+++ Data extracts +++

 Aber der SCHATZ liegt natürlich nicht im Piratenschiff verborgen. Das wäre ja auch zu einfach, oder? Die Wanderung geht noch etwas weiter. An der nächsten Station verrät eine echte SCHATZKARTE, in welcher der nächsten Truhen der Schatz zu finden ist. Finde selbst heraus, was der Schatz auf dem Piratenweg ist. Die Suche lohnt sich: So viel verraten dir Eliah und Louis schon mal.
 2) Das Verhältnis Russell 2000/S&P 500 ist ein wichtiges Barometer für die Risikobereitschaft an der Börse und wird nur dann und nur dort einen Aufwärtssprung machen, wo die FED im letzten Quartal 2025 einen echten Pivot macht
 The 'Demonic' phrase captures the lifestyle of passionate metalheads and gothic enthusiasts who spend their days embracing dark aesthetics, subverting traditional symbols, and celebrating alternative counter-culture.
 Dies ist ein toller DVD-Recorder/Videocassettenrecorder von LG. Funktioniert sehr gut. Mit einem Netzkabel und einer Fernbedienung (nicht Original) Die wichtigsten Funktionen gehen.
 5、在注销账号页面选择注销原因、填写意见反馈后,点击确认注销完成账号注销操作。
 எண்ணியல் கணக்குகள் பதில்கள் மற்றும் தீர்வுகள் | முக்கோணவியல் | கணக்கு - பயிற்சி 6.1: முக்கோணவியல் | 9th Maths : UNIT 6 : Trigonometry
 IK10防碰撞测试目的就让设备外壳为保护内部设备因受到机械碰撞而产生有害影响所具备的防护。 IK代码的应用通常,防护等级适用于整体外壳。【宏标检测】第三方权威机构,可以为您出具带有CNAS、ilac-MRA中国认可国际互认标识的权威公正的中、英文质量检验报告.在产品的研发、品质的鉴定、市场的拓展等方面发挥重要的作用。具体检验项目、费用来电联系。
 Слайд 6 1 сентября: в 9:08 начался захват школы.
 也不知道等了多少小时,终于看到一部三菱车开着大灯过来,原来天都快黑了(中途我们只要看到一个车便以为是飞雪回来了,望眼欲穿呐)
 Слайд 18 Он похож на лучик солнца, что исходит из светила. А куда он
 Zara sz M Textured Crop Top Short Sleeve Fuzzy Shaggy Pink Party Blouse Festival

+++

-- Problem requirements --
Nothing before the line containing "5、在注销账号页面选择注销原因、填写意见反馈后,点击确认注销完成账号注销操作。" should be repeated; repeat that line and all later lines through the end of the data above, exactly.

-- Solution for this task --
 5、在注销账号页面选择注销原因、填写意见反馈后,点击确认注销完成账号注销操作。
 எண்ணியல் கணக்குகள் பதில்கள் மற்றும் தீர்வுகள் | முக்கோணவியல் | கணக்கு - பயிற்சி 6.1: முக்கோணவியல் | 9th Maths : UNIT 6 : Trigonometry
 IK10防碰撞测试目的就让设备外壳为保护内部设备因受到机械碰撞而产生有害影响所具备的防护。 IK代码的应用通常,防护等级适用于整体外壳。【宏标检测】第三方权威机构,可以为您出具带有CNAS、ilac-MRA中国认可国际互认标识的权威公正的中、英文质量检验报告.在产品的研发、品质的鉴定、市场的拓展等方面发挥重要的作用。具体检验项目、费用来电联系。
 Слайд 6 1 сентября: в 9:08 начался захват школы.
 也不知道等了多少小时,终于看到一部三菱车开着大灯过来,原来天都快黑了(中途我们只要看到一个车便以为是飞雪回来了,望眼欲穿呐)
 Слайд 18 Он похож на лучик солнца, что исходит из светила. А куда он
 Zara sz M Textured Crop Top Short Sleeve Fuzzy Shaggy Pink Party Blouse Festival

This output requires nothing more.